# Supplied material
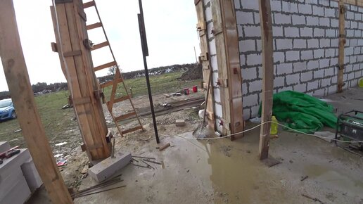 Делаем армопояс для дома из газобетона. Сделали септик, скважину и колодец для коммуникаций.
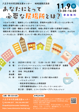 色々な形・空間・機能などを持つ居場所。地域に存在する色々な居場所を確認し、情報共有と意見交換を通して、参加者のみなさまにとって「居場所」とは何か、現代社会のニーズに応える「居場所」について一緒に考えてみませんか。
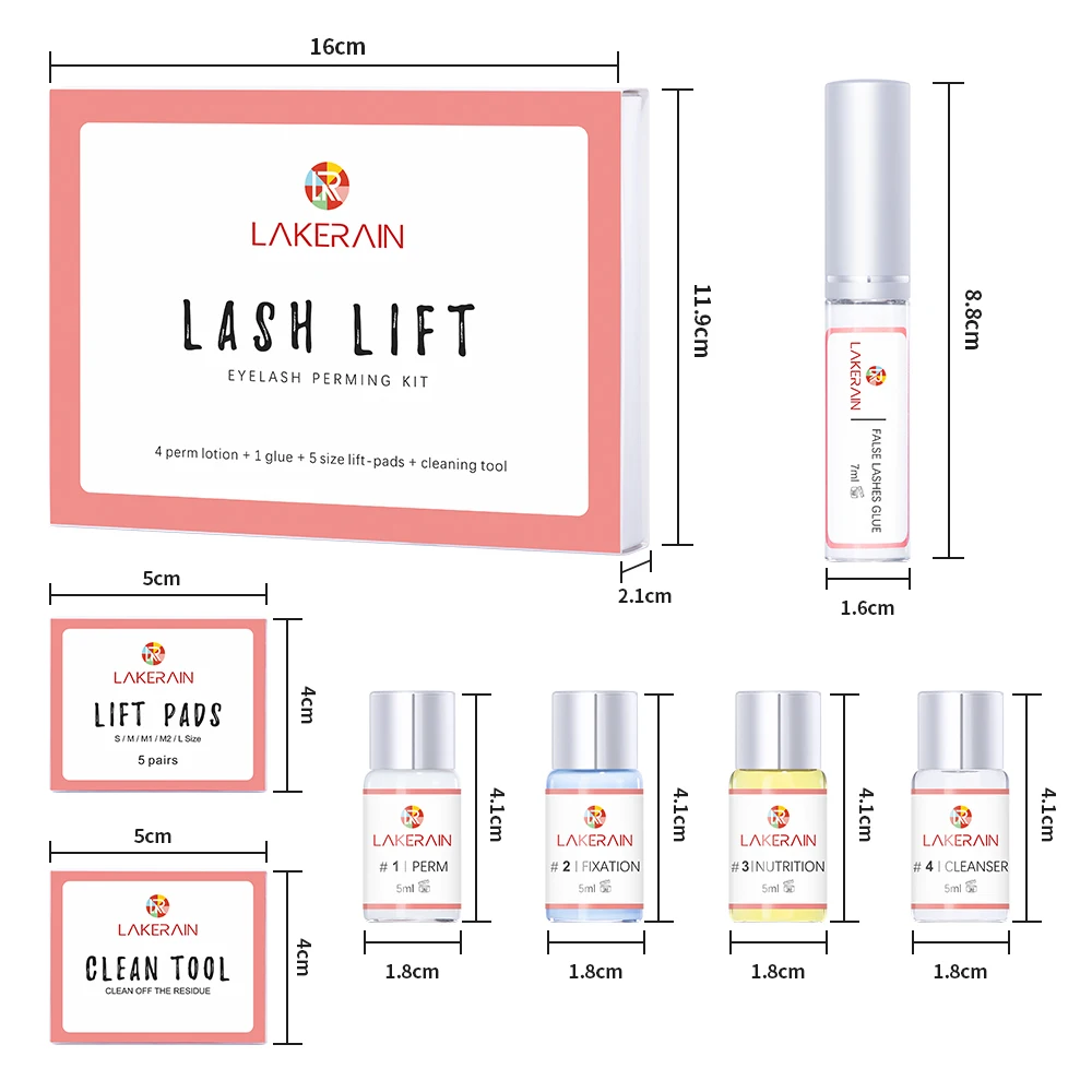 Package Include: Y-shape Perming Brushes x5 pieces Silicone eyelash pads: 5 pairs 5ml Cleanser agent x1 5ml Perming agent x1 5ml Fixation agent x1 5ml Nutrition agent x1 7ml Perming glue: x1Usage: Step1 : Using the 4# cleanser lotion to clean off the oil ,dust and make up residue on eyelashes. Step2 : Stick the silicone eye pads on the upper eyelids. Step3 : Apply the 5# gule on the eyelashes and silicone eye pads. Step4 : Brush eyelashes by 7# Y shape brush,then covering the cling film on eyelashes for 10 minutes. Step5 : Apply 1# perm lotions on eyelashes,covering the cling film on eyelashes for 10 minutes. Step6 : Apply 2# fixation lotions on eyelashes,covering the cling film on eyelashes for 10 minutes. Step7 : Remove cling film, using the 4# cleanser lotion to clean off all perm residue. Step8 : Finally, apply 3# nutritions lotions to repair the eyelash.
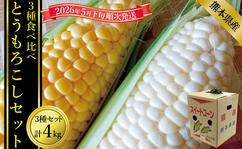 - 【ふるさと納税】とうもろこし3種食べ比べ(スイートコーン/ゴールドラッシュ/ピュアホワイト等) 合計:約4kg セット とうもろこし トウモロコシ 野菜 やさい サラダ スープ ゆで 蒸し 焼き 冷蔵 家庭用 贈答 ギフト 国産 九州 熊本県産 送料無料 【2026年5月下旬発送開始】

# Exercise brief
Nothing but the lines from the top of the data above through the line containing "色々な形・空間・機能などを持" should be output, exactly as written and without the pictures.

# Result of the exercise
 Делаем армопояс для дома из газобетона. Сделали септик, скважину и колодец для коммуникаций.
 色々な形・空間・機能などを持つ居場所。地域に存在する色々な居場所を確認し、情報共有と意見交換を通して、参加者のみなさまにとって「居場所」とは何か、現代社会のニーズに応える「居場所」について一緒に考えてみませんか。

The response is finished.